Program to convert decimal to binary in c




Decimal to binary conversion in c programming language. C source code for decimal to binary conversion:


#include<stdio.h>


int main(){

    long int decimalNumber,remainder,quotient;

    int binaryNumber[100],i=1,j;


    printf("Enter any decimal number: ");

    scanf("%ld",&decimalNumber);


    quotient = decimalNumber;


    while(quotient!=0){

         binaryNumber[i++]= quotient % 2;

         quotient = quotient / 2;

    }


    printf("Equivalent binary value of decimal number %d: ",decimalNumber);

    for(j = i -1 ;j> 0;j--)

         printf("%d",binaryNumber[j]);


    return 0;

}

Sample output:

Enter any decimal number: 50
Equivalent binary value of decimal number 50: 110010



Algorithm:


Binary number system: It is base 2 number system which uses the digits from 0 and 1.

Decimal number system:
It is base 10 number system which uses the digits from 0 to 9

Convert from decimal to binary algorithm:

Following steps describe how to convert decimal to binary

Step 1: Divide the original decimal number by 2
Step 2: Divide the quotient by 2
Step 3: Repeat the step 2 until we get quotient equal to zero.
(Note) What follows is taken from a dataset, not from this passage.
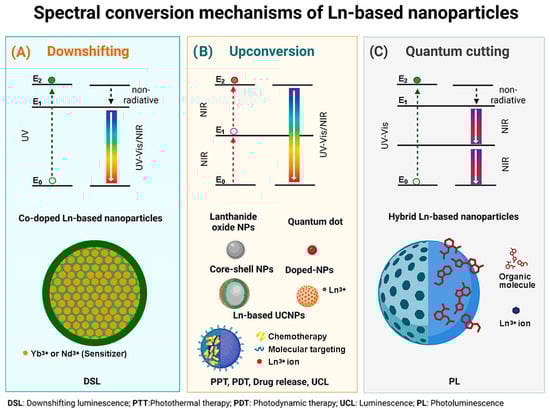 (A) Downshifting mechanism associated with Co-doped Ln-based NPs; (B) Upconversion mechanism associated with Ln2O3 NPs, QDs, Core–shell Ln-based NPs, Ln-doped NPs and multimodal Ln-based platforms, and (C) Quantum cutting mechanism associated with hybrid Ln-based nanoparticles.

Equivalent binary number would be remainders of each step in the reverse order.

Decimal to binary conversion with example:

For example we want to convert decimal number 25 in the binary.

Step 1:  25 / 2  Remainder : 1 , Quotient : 12
Step 2:  12 / 2  Remainder : 0 , Quotient : 6
Step 3:   6 / 2  Remainder : 0 , Quotient : 3
Step 4:   3 / 2  Remainder : 1 , Quotient : 1
Step 5:   1 / 2  Remainder : 1 , Quotient : 0

So equivalent binary number is: 11001
That is (25)10 = (11001)2





6. Write a c program to convert octal number to hexadecimal number.
8. Write a c program to convert hexadecimal number to octal number.
9. Write a c program to convert hexadecimal number to decimal number.
10. Write a c program to convert binary number to octal number.

42 comments:

  1. thanks to ur great effort........ur work has really been helpful to me n will always be grateful to u.....
    thanks!
    aayush.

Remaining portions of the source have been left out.